Proposta prevê 40% do ensino médio à distância e 100% para o curso de jovens e adultos (EJA) / Wikimedia Commons
Ensino
médio à distância é "tentativa de privatizar educação", diz
pesquisadora
Para Maria Raquel Caetano, doutora em
Educação pela UFRGS, resolução do governo simboliza precarização de direito
básico
Emilly Dulce
O governo de Michel Temer (MDB)
quer permitir que até 40% do ensino médio seja realizado à distância (EAD).
Para a educação de jovens e adultos (EJA), a proposta é de que todo o curso
seja fora da escola. A resolução, fruto da reforma do Ensino Médio, aprovada em
2017, foi discutida no Conselho Nacional de Educação (CNE) e atualiza as
Diretrizes Curriculares Nacionais do Ensino Médio.
Para Maria Raquel Caetano, pesquisadora e
doutora em Educação pela Universidade Federal do Rio Grande do Sul (UFRGS), o
governo federal apresenta um discurso de inovação, eficiência e redução de
gastos, mas a ação, no entanto, é uma "tentativa de privatização do ensino
público e aprofundamento das desigualdades sociais". Segundo ela, essa é
uma estratégia para não enfrentar os grandes problemas do ensino médio, como a
evasão escolar e a carência de professores e infraestrutura básica.

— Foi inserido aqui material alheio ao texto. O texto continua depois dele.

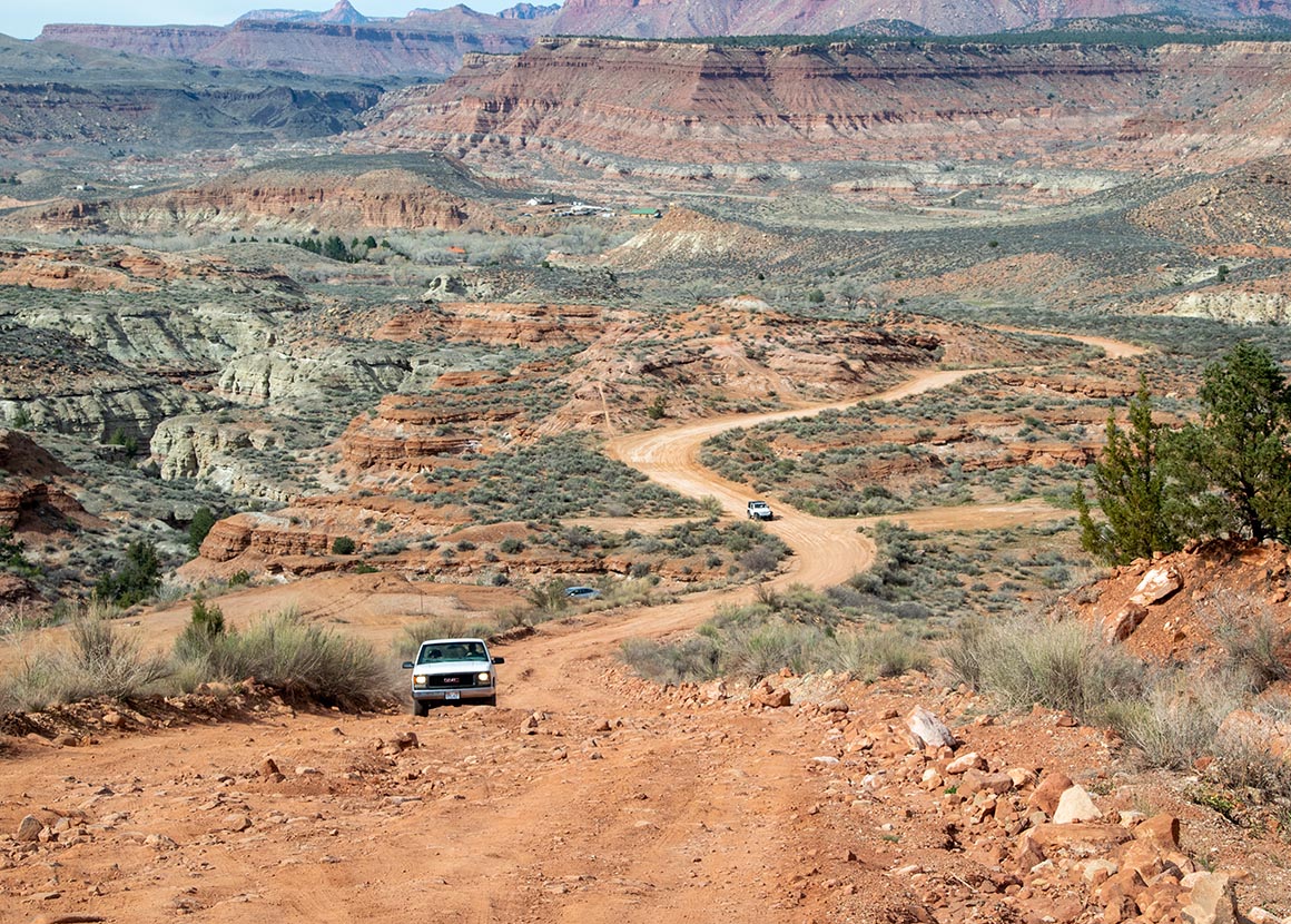 Auf dem iPad entdecken wir sie. Diese vermeintliche Abkürzung, die auf der Karte so harmlos aussieht, dass man sich fragt, warum man überhaupt jemals anders gefahren ist: Smithsonian Butte Scenic Backway. Acht Meilen von Hildale nach Springdale. Acht! Selbst das Navi nickt zustimmend. Scenic Backway. Klingt nach Aussicht, Staub, ein bisschen Abenteuer. Genau unser Ding.

"Ao mesmo tempo em que a PEC 55
congela por 20 anos o investimento público nas áreas sociais, em especial na
educação, isso é perfeito para a narrativa do governo de repassar as políticas
sociais para o setor privado", afirma.
Maria Raquel aponta um esvaziamento do
conteúdo educacional do ensino público, o que, segundo ela, dá margem para a
precarização de um direito básico. "A oferta permanece pública, mas as
instituições privadas operam por dentro das escolas, interferindo na gestão e
no currículo, que é o coração do ensino e que pauta a formação do sujeito. Portanto,
a proposta de formação cidadã é deixada de lado e entra a formação para o
mercado, precarizado também pela reforma trabalhista".
O coordenador geral da Campanha Nacional
pelo Direito à Educação, Daniel Cara, destaca que o sucateamento do ensino público
também pode se dar pela proposta de substituição de professores por tutores.

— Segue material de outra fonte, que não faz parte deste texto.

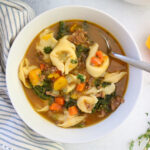 - If needed, add 1-2 cups more broth. Add in reserved sausage and tortellini and cook an additional 2-4 minutes until tortellini is cooked.

Para ele, o direito à educação no Brasil está em risco quando o governo federal
apresenta subterfúgios que precarizam uma etapa fundamental para a construção
da autonomia dos estudantes.
"A questão central é uma tentativa
de precarizar os direitos sociais e a educação tem sido o mais atacado, porque,
depois da previdência, é o direito social que mais tem custos, que mais
representa necessidade de investimento", diz.
Roberto Catelli Jr., coordenador
executivo da Ação Educativa, ressalta que a proposta de educação integral à
distância para o EJA não será inclusiva, porque o modelo não atende a
necessidade da maior parte dessas pessoas. "Tornar a educação de jovens e
adultos 100% à distância dificilmente será um benefício, porque essas pessoas
precisam de acompanhamento presencial e estímulos para estudar. Não será um
modelo à distância que irá trazê-los de volta para que o direito à educação
seja de fato efetivado".
Por isso, Maria Raquel defende uma
educação pública com qualidade social. "Por um lado, isso explica também o
esvaziamento na formação de professores, especialmente na área social e humana.
Isso é gravíssimo para a educação e para a formação de uma sociedade mais
justa, igualitária, humana e comprometida com os valores cidadãos".
Sobre a proposta, a pesquisadora diz que
falta diálogo com os personagens mais importantes: alunos e professores. Ela
conta que as entidades e instituições da categoria não foram consultadas.
"Definitivamente, nós precisamos compreender que a educação de qualidade
social se faz com investimento público, para o público e com o público. Nós
precisamos avançar na gestão democrática, que não tem sido um princípio
utilizado pelo governo ao priorizar a interlocução apenas com os
empresários".
O processo sobre a resolução de ensino à
distância deve ocorrer ainda neste semestre. Após a definição das diretrizes,
caberá a cada rede de ensino regulamentar formatos e ferramentas educacionais.